For models that can be written as nn.Module
s, where all parameters can be created before function evaluation, pyro.module
will add the correct scope to the parameter names automatically.
Unfortunately, parameters in Pyro don't always work this way; consider e.g. per-datapoint variational parameters that are created on the fly each time a new data point appears, or parameters whose existence depends on a random variable.
sample
statements are also problematic because names are used to identify corresponding random variables in models and guides, which may have arbitrarily different control structure. Lexical scoping for sample names would break this identification.
Not sure I understand.
Why should you be able to sample a random variable that you don't have pointer access to? Needing to do that sounds dangerous.
Why does having non-global scoping prevent per-data point parameters?
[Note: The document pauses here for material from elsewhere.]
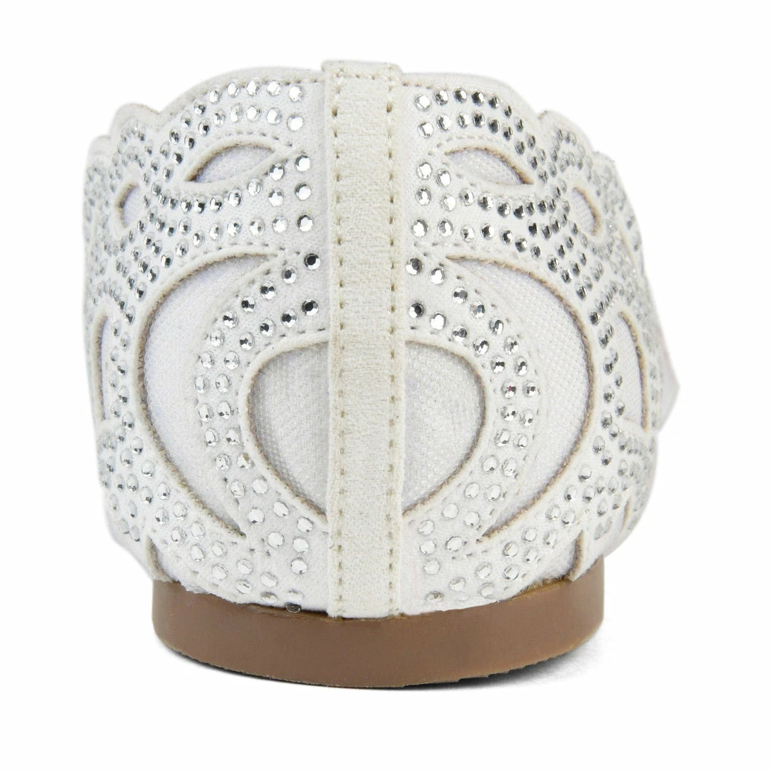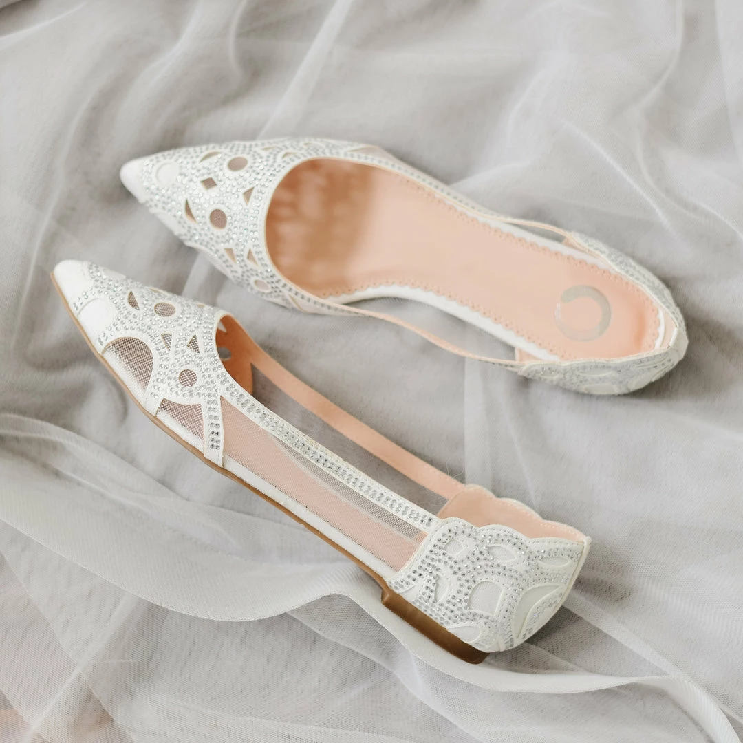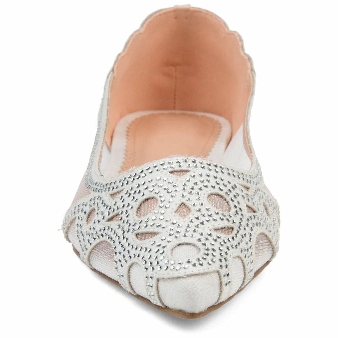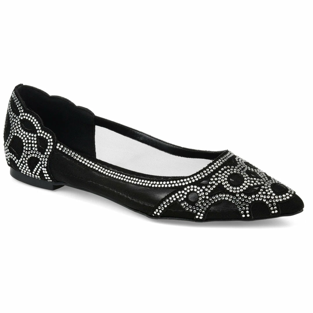 Rhinestone accents and a scalloped heel embellish this enchanting mesh and man-made pointed-toe flat.

Presumably whatever object is creating the parameters should own them, not some global store.
How come these issues don't come up in pytorch? In theory you have to do many of the same things in standard deep learning, and yet there are no globals.
(Sorry, this library is great, and I was thinking of using it for teaching. But I am really worried about this design decision.)
(Sorry, this library is great, and I was thinking of using it for teaching. But I am really worried about this design decision.)
No problem! The parameter store is definitely a weak point, and this is great feedback.
Why does having non-global scoping prevent per-data point parameters? Presumably whatever object is creating the parameters should own them, not some global store.
nn.Module
s expose references to all of the parameters of their child modules, making it possible to completely separate the definition of losses that only interact with output and optimizers that only interact with parameters and gradients. Since Pyro models can be regular Python functions that call other regular Python functions, you can't in general automatically track parameters through the call stack in the same way, so it seems to me that you end up with something that looks like a parameter store.
I guess we could have a per-model parameter store instead, though, sort of like a dynamically generated nn.Module
wrapper for a function with param
calls. That would probably be much cleaner.
I guess I get that, but now I'm much more worried about this type of name matching though. This feels very scary:
""To be very explicit, if the model contains a random variable z_1
def model(): pyro.sample("z_1", ...) then the guide needs to have a matching sample statement
def guide(): pyro.sample("z_1", ...) The distributions used in the two cases can be different, but the names must line-up 1-to-1."""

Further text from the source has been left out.